Nous pouvons le comprendre d’après l’affirmation de nos Sages (Beitsa 16a) selon laquelle la subsistance d’une personne est fixée à Roch Hachana.18 Dès lors, mieux vaut par exemple gagner des mérites et donner 50 euros à un pauvre, que de les perdre d’une façon ou d’une autre car la dépense de ces 50 euros avait été décidée à Roch hachana.
La charité permet d’engranger tous les bénéfices d’une mitsva éternelle ("la tsédaka sauve -notamment- de la mort" [Michlé 10,2;11,4], ...).

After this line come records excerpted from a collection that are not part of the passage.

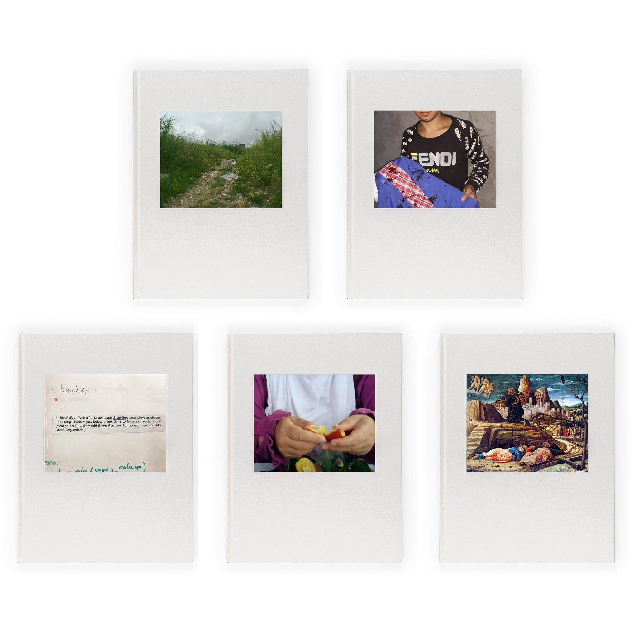 Together, the books propose a dialogue between process and image, inviting viewers to look beyond the finished photograph toward the intricate act of its making. Each of the five copies features a unique cover—an altered fragment drawn from Ribeira’s original references—transforming every book into a singular object within the evolving landscape of her work.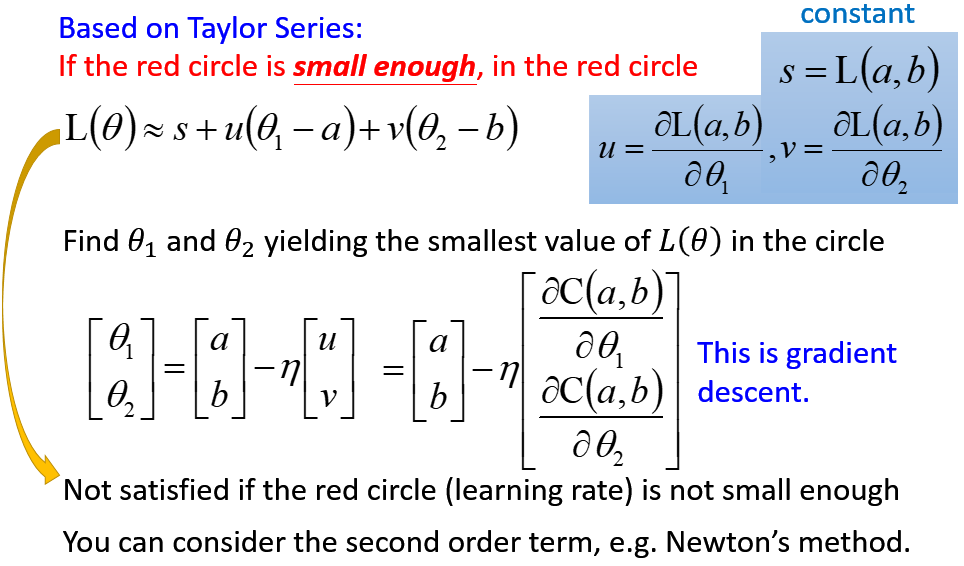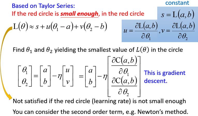如果$h(x)在x=x_0$ 点的某个领域内有无限阶导数,则有泰勒级数: $$ \begin{split} h(x)&=\sum^\infty_{k=0}\frac{h^k(x_0)}{k!}(x-x_0)^k\ &=h(x_0)+h'(x_0)(x-x_0)+\frac{h''(x_0)}{!}(x-x_0)^2+... \end{split} $$ 二元泰勒: $$ h(x,y)=h(x_0,y_0)+\frac{\partial h(x_0,y_0)}{\partial x}(x-x_0)+\frac{\partial h(x_0,y_0)}{\partial y}(y-y_0)+... $$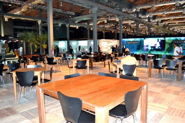 Uma visão panorâmica do restaurante “Balneário Santa Fortuna”, uma realização da produção da própria semana de moda, quando ainda o Fashion Rio Outono Inverno 2014, no Píer Mauá, não estava no seu momento de grande circulação de convidados e profissionais da área, o que viria a acontecer depois.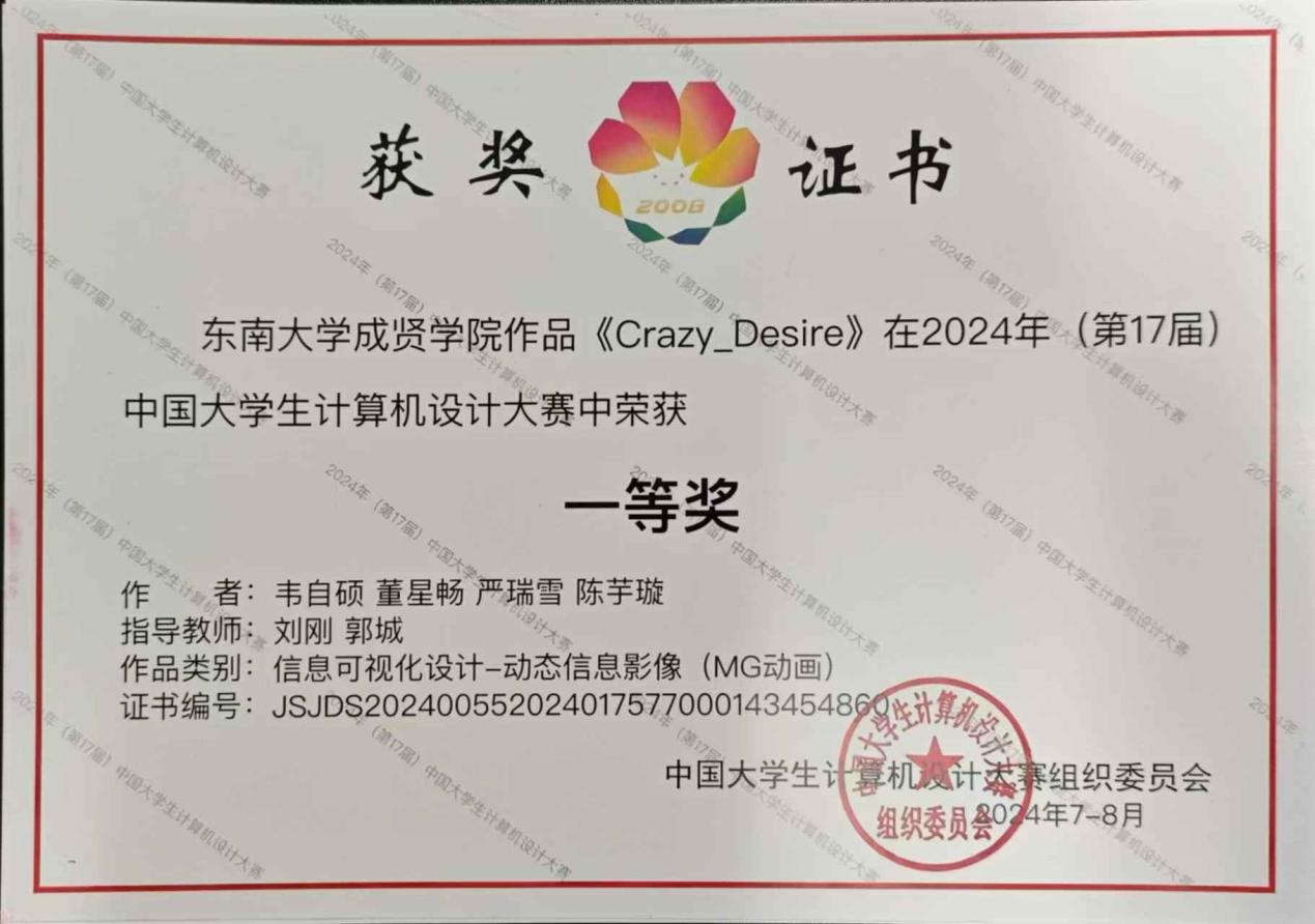 近日,2024年(第17届)中国大学生计算机设计大赛(信息可视化设计组)杭州决赛区拉开帷幕,该项赛事为教育部计算机类教指委发起举办,大赛组委会由北京语言大学、中国人民大学、华东师范大学、东南大学、厦门大学、山东大学、东北大学等高校,以及清华大学、北京大学等高校的教师组成。我校kaiyun官方网站入口在郭城、刘刚两位专业教师的指导下,组织学生制作了《嘉定不可移动文物》与《crazy desire》两部作品,5月在江苏海洋大学举行的省赛决赛中分获江苏省省赛决赛一、二等奖并闯入决赛,7至8月期间,师生团队利用假期期间经过数次作品打磨和路演演练答辩,最终在浙江师范大学举行的国赛决赛中《crazy desire》作品荣获全国一等奖,《嘉定不可移动文物》作品荣获全国三等奖,再次刷新了我院在该项重大赛事中的获奖纪录。

En résumé, le décret de perte d’argent peut être rempli via la mitsva de tsédaka. C’est là très certainement préférable à une perte sèche, sans aucun bénéfice.
[rabbi Yéhochoua Alt]

-> Aucun mal ne résulte de la charité qui ne génère jamais l’appauvrissement ni aucune conséquence nuisible (Yoré Déa 247:2).

-> De même qu’on implore Hachem d’écouter nos suppliques, nous devons nous tourner vers les exhortations des indigents (Yoré Déa 247:3).